| Data for the task |
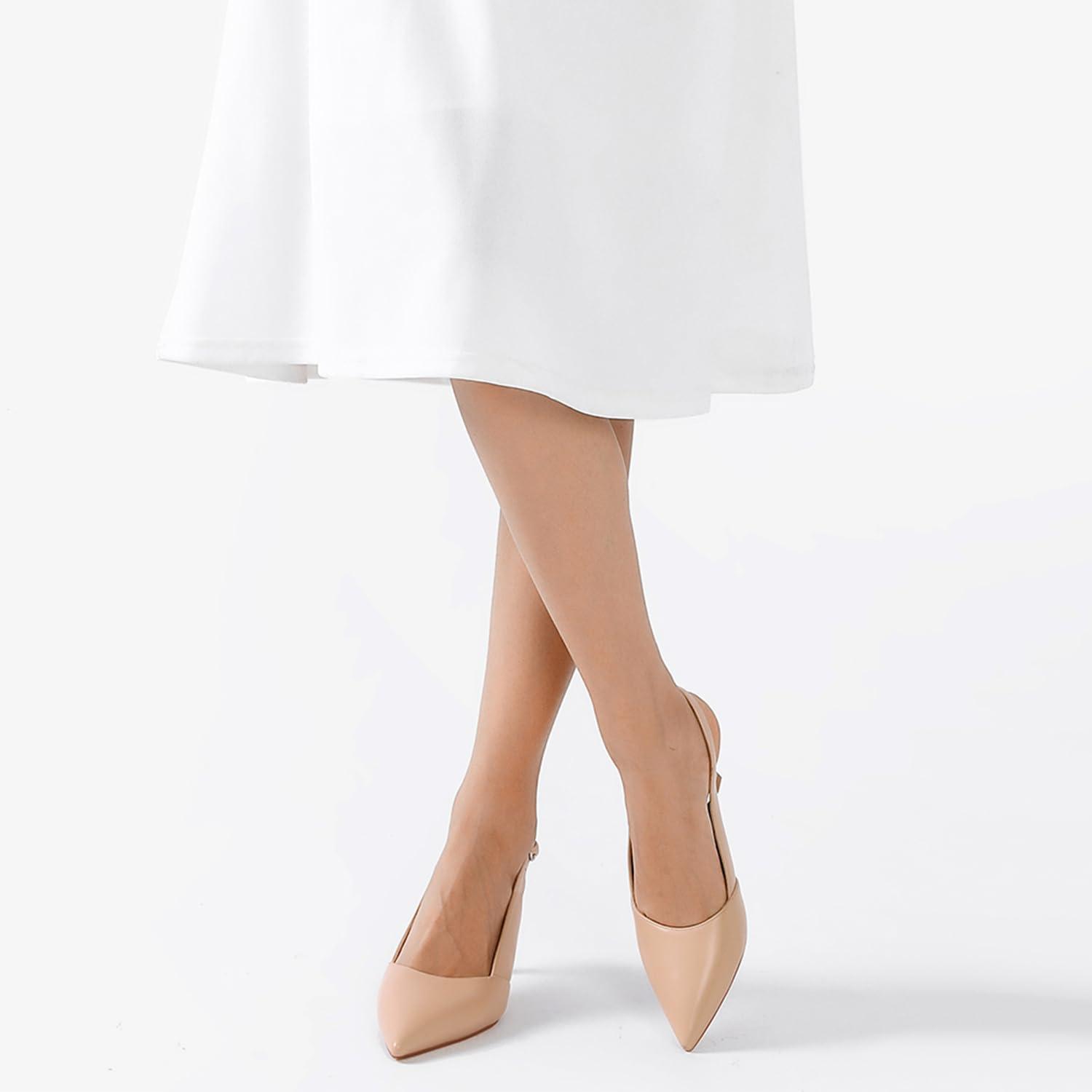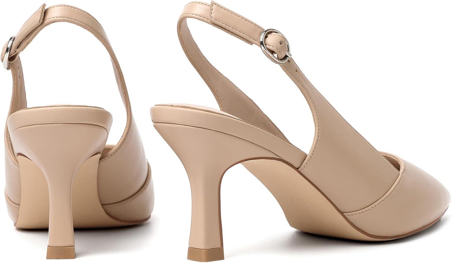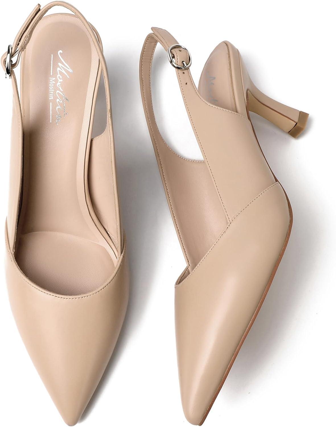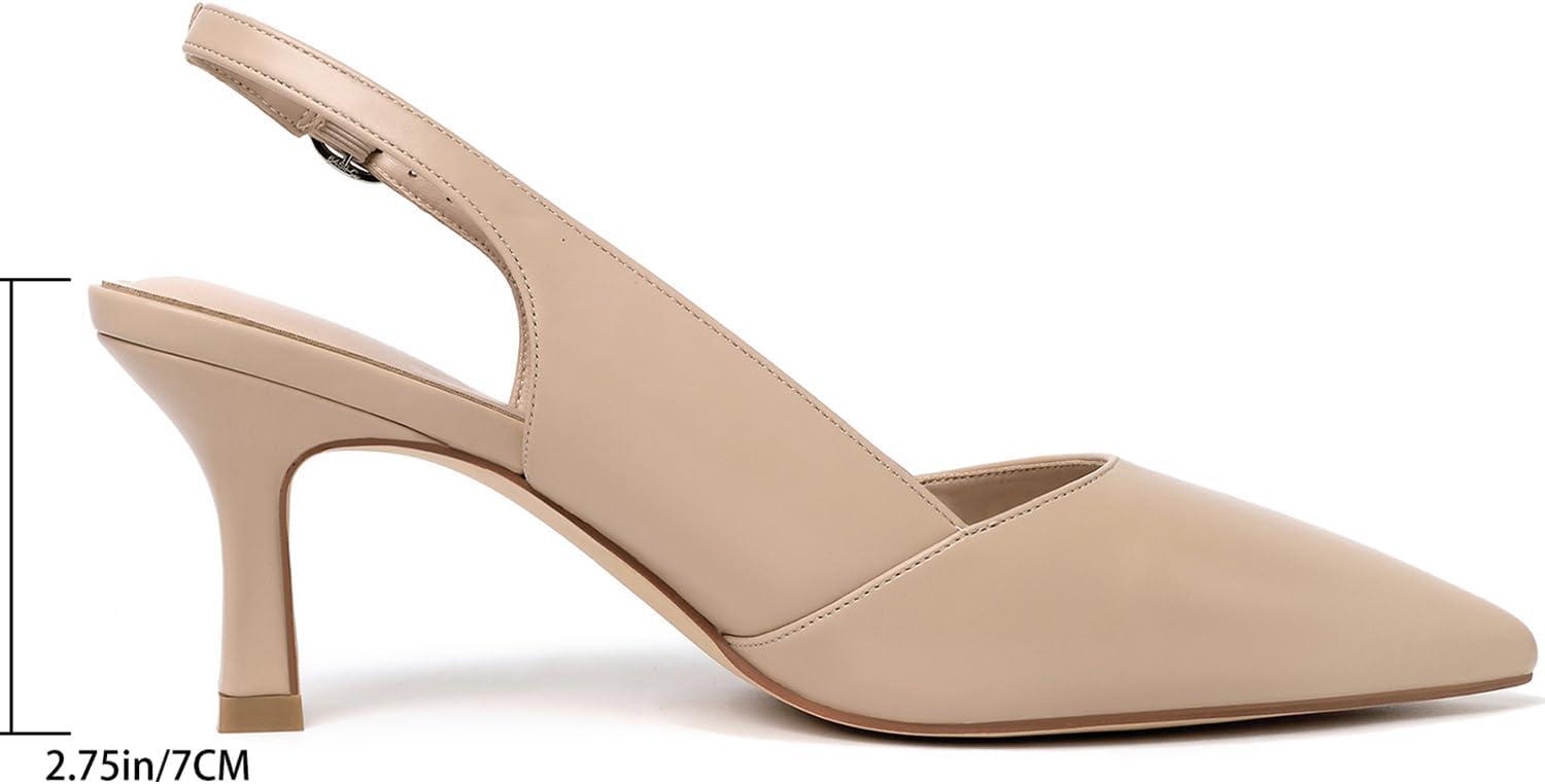 Mostrin Kitten Heels for Women Slingback Pointed Closed Toe Heels Women’s Pumps Shoes for Wedding, Party, Commuting(Nude)
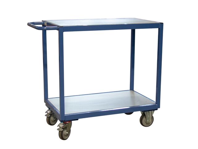 Servante établi 2 plateaux aux dimensions 850 x 500 mm ou 1000 x 600 mm idéale pour une utilisation intensive. Robuste et fonctionnelle grâce à son châssis résistant en acier entièrement mécano soudé. La construction du châssis est en tube carré de 30 x 30 mm. Elle est équipée d'une poignée de poussée horizontale permettant de positionner des charges débordantes du plateau. La poignée est à hauteur ergonomique de 880 ou 915 mm limitant ainsi les TMS est en tube de Ø de 25 mm mécano soudé offrant une bonne prise en main. Plateaux mélaminés gris clair d'épaisseur 16 mm avec barre de renfort sous chaque plateau. Qualité de roulage irréprochable avec le bandage TPE, silencieux, non tachant, et absorbant les vibrations. Ses 4 roues Ø 125 ou 160 mm, montées sur roulement à billes étanche, sont conformes à la norme EN 1757. 2 roues fixes + 2 pivotantes à frein garantissant maniabilité et fiabilité lors de transport de charges. Effort au démarrage très réduit de près de 50%, soit
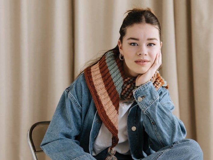 Deze sjaal is gebreid in een gebroken ribsteek. Door de afwisseling van smalle en brede strepen ontstaat er een tof effect zodra je de sjaal om je nek hangt!
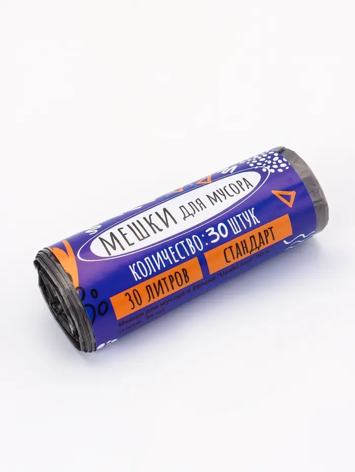 Мешки для мусора 30 л, ПНД, 15 мкм, 30 шт в рул, цвет черный
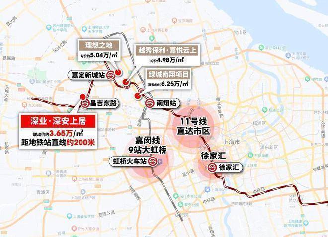 通过11号线,本项目2站即可直达嘉定新城,4站南翔印象城,11站真如副中心、17站徐家汇!
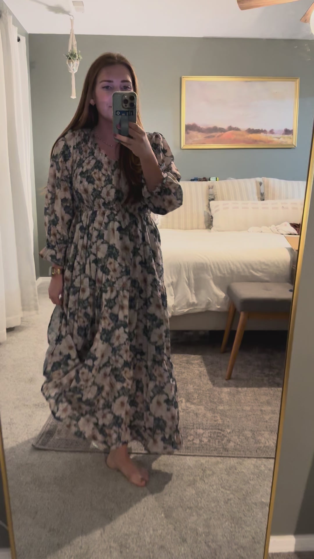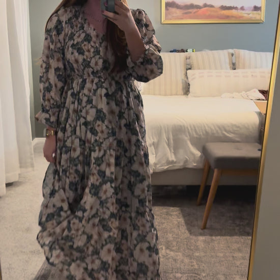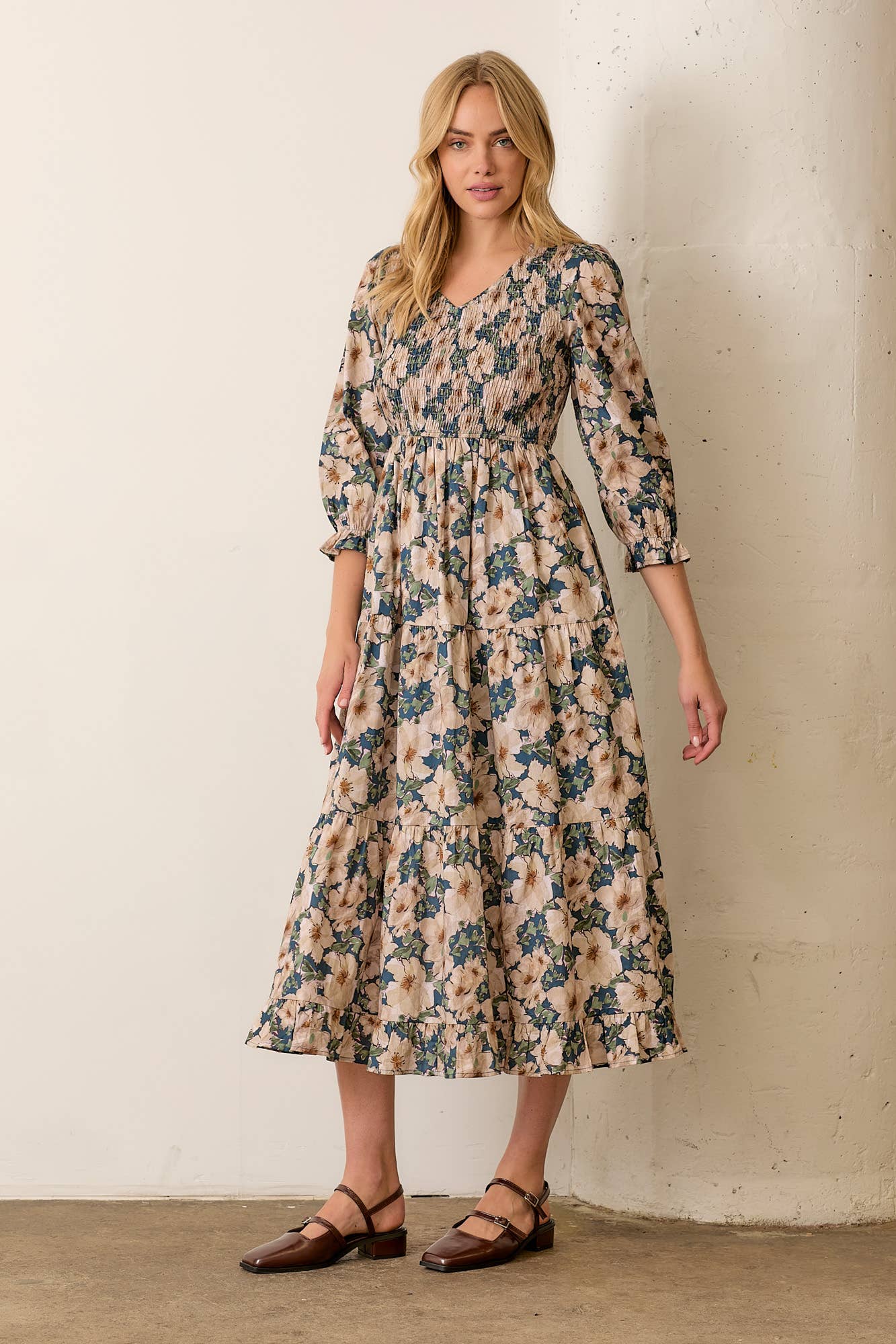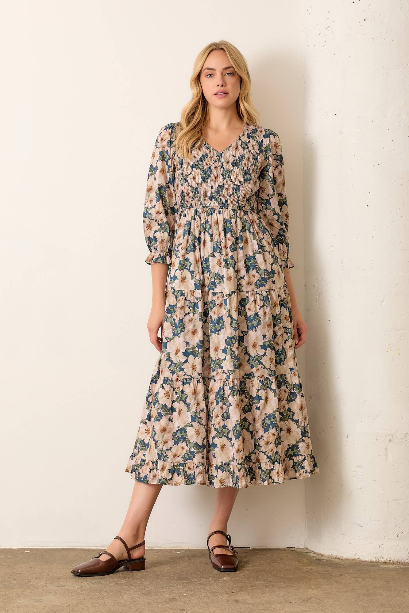 The Midnight Garden Dress shines with a cute floral print, handy pockets, and a flattering midi length and tiered skirt—perfect for adding playful charm to any day.

| Exercise |
Please retype the data exactly. The pictures do not go in.

| Solution for this exercise |
 Mostrin Kitten Heels for Women Slingback Pointed Closed Toe Heels Women’s Pumps Shoes for Wedding, Party, Commuting(Nude)
 Servante établi 2 plateaux aux dimensions 850 x 500 mm ou 1000 x 600 mm idéale pour une utilisation intensive. Robuste et fonctionnelle grâce à son châssis résistant en acier entièrement mécano soudé. La construction du châssis est en tube carré de 30 x 30 mm. Elle est équipée d'une poignée de poussée horizontale permettant de positionner des charges débordantes du plateau. La poignée est à hauteur ergonomique de 880 ou 915 mm limitant ainsi les TMS est en tube de Ø de 25 mm mécano soudé offrant une bonne prise en main. Plateaux mélaminés gris clair d'épaisseur 16 mm avec barre de renfort sous chaque plateau. Qualité de roulage irréprochable avec le bandage TPE, silencieux, non tachant, et absorbant les vibrations. Ses 4 roues Ø 125 ou 160 mm, montées sur roulement à billes étanche, sont conformes à la norme EN 1757. 2 roues fixes + 2 pivotantes à frein garantissant maniabilité et fiabilité lors de transport de charges. Effort au démarrage très réduit de près de 50%, soit
 Deze sjaal is gebreid in een gebroken ribsteek. Door de afwisseling van smalle en brede strepen ontstaat er een tof effect zodra je de sjaal om je nek hangt!
 Мешки для мусора 30 л, ПНД, 15 мкм, 30 шт в рул, цвет черный
 通过11号线,本项目2站即可直达嘉定新城,4站南翔印象城,11站真如副中心、17站徐家汇!
 The Midnight Garden Dress shines with a cute floral print, handy pockets, and a flattering midi length and tiered skirt—perfect for adding playful charm to any day.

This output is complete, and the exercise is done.